■ Work request
In the data below, locate the line containing "至此,全院教职工大会顺利结束" and the line containing "Jasnoszara czapka z", then retype both and everything between them exactly. Pictures are not part of the copy.

■ Material provided

═══

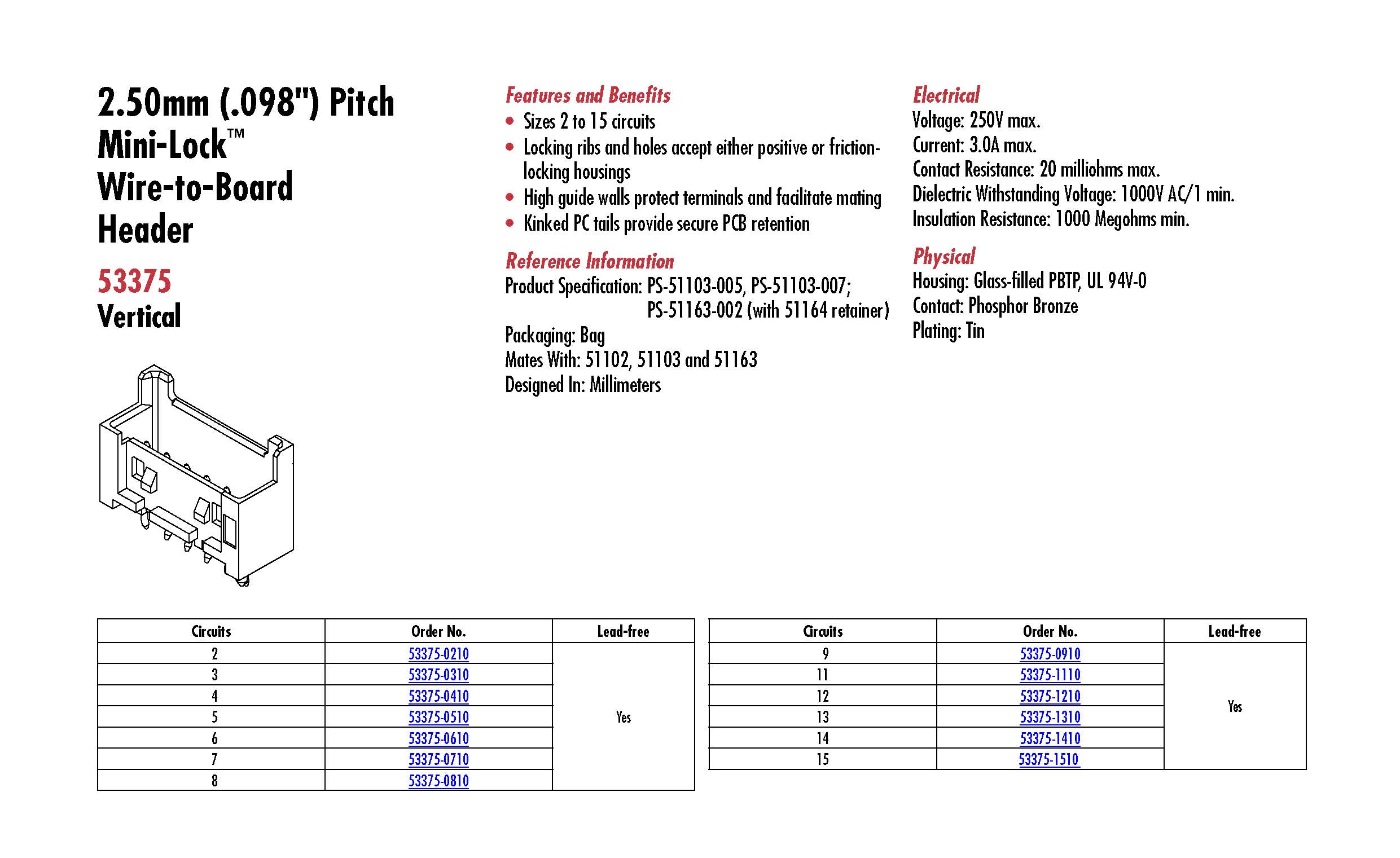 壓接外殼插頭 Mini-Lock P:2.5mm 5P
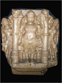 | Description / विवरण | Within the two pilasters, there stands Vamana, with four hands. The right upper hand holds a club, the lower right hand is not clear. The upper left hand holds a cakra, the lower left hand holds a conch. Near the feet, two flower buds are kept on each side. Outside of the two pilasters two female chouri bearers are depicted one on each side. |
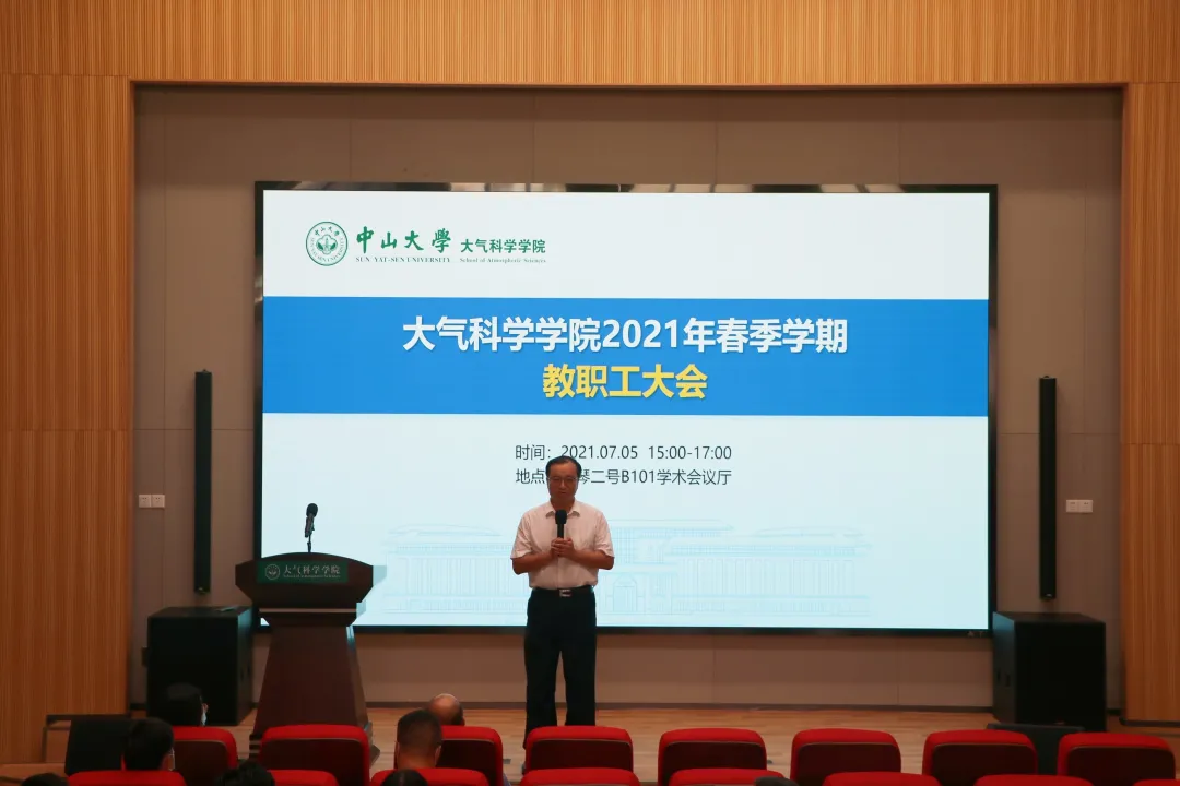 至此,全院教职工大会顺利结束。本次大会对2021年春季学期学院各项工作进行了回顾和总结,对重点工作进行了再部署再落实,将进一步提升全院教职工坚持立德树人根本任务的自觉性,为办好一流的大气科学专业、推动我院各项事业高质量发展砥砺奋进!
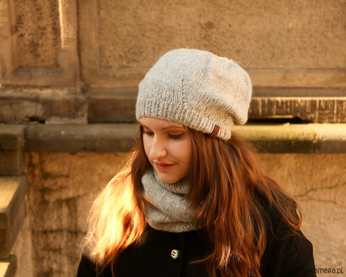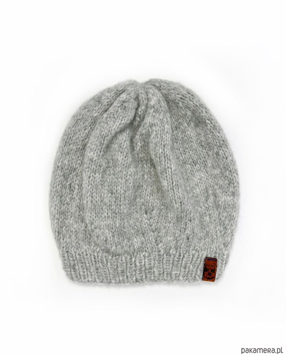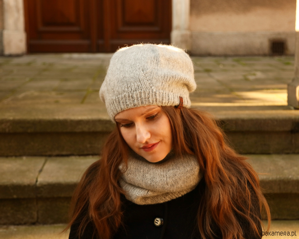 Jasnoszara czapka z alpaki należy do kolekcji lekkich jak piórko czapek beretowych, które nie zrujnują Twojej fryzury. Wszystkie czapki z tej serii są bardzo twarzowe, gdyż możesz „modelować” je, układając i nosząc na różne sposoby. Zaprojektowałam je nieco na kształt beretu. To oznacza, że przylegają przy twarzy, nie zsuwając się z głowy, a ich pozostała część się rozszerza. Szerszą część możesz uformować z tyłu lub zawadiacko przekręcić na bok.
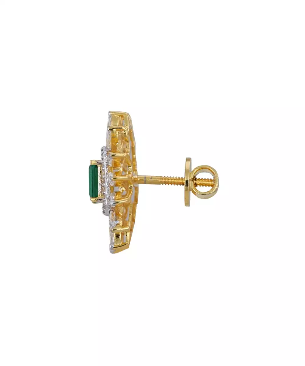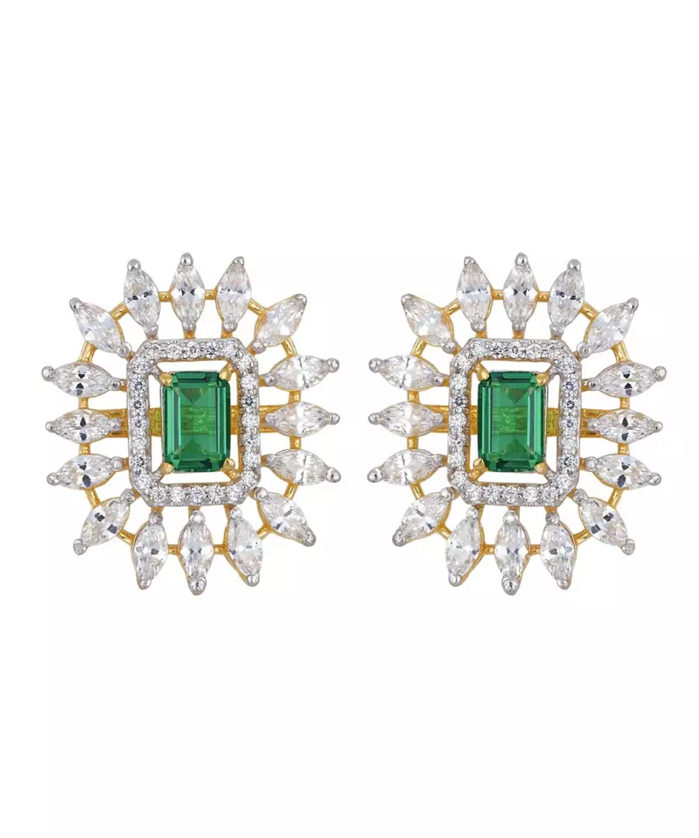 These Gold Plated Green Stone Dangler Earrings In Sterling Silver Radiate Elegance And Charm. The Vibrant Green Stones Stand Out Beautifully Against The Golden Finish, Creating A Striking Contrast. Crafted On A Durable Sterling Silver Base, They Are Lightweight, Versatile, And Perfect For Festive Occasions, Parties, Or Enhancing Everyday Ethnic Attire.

═══

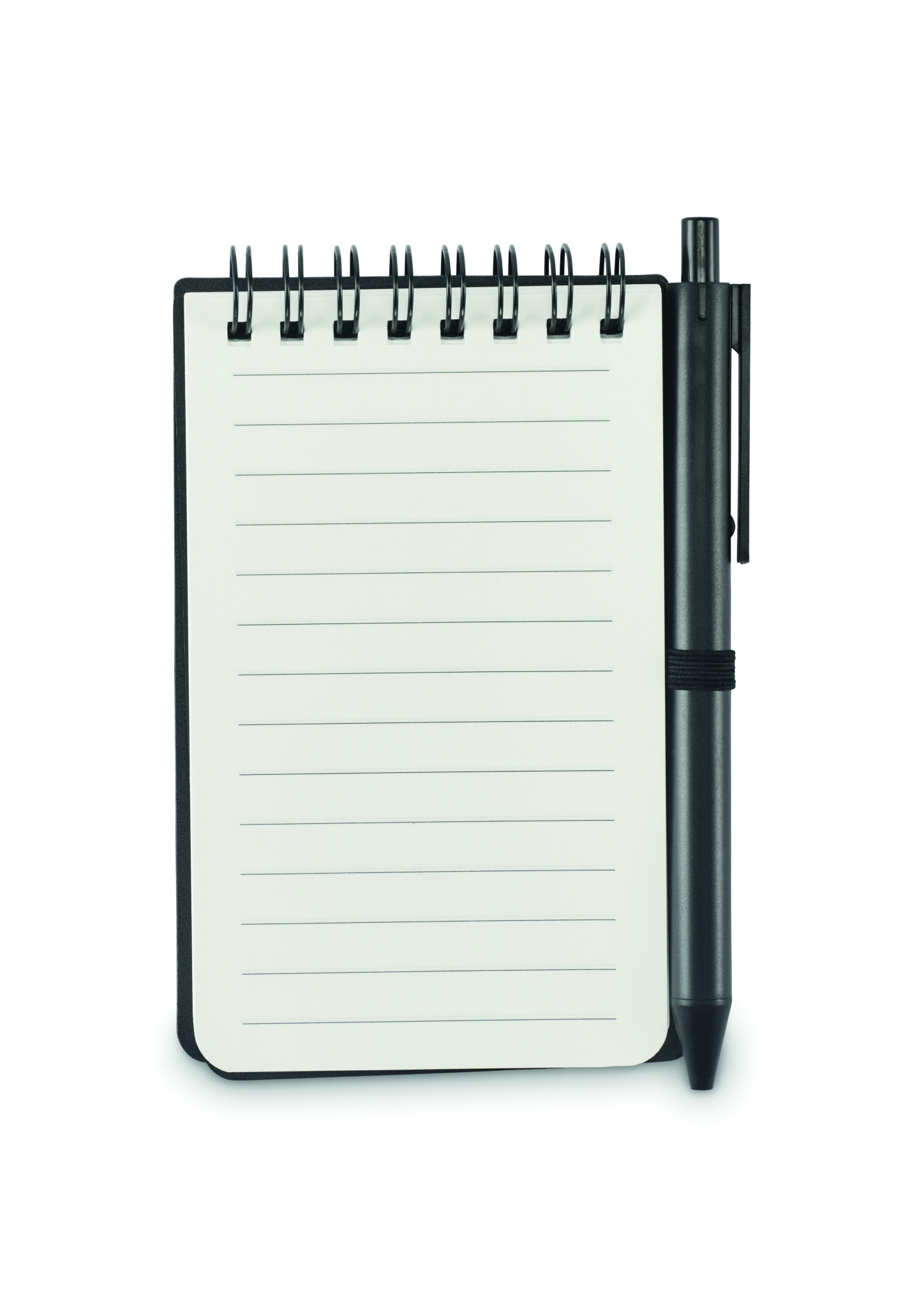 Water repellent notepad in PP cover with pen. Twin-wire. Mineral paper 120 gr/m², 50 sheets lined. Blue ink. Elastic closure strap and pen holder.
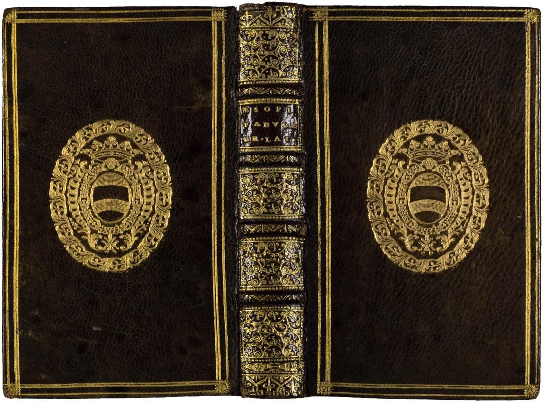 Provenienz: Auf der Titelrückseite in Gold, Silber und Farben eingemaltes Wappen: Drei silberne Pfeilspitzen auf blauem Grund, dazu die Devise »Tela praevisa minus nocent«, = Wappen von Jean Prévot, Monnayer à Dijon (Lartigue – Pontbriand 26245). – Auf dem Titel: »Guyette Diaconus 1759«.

═══

■ Solution
 至此,全院教职工大会顺利结束。本次大会对2021年春季学期学院各项工作进行了回顾和总结,对重点工作进行了再部署再落实,将进一步提升全院教职工坚持立德树人根本任务的自觉性,为办好一流的大气科学专业、推动我院各项事业高质量发展砥砺奋进!
 Jasnoszara czapka z alpaki należy do kolekcji lekkich jak piórko czapek beretowych, które nie zrujnują Twojej fryzury. Wszystkie czapki z tej serii są bardzo twarzowe, gdyż możesz „modelować” je, układając i nosząc na różne sposoby. Zaprojektowałam je nieco na kształt beretu. To oznacza, że przylegają przy twarzy, nie zsuwając się z głowy, a ich pozostała część się rozszerza. Szerszą część możesz uformować z tyłu lub zawadiacko przekręcić na bok.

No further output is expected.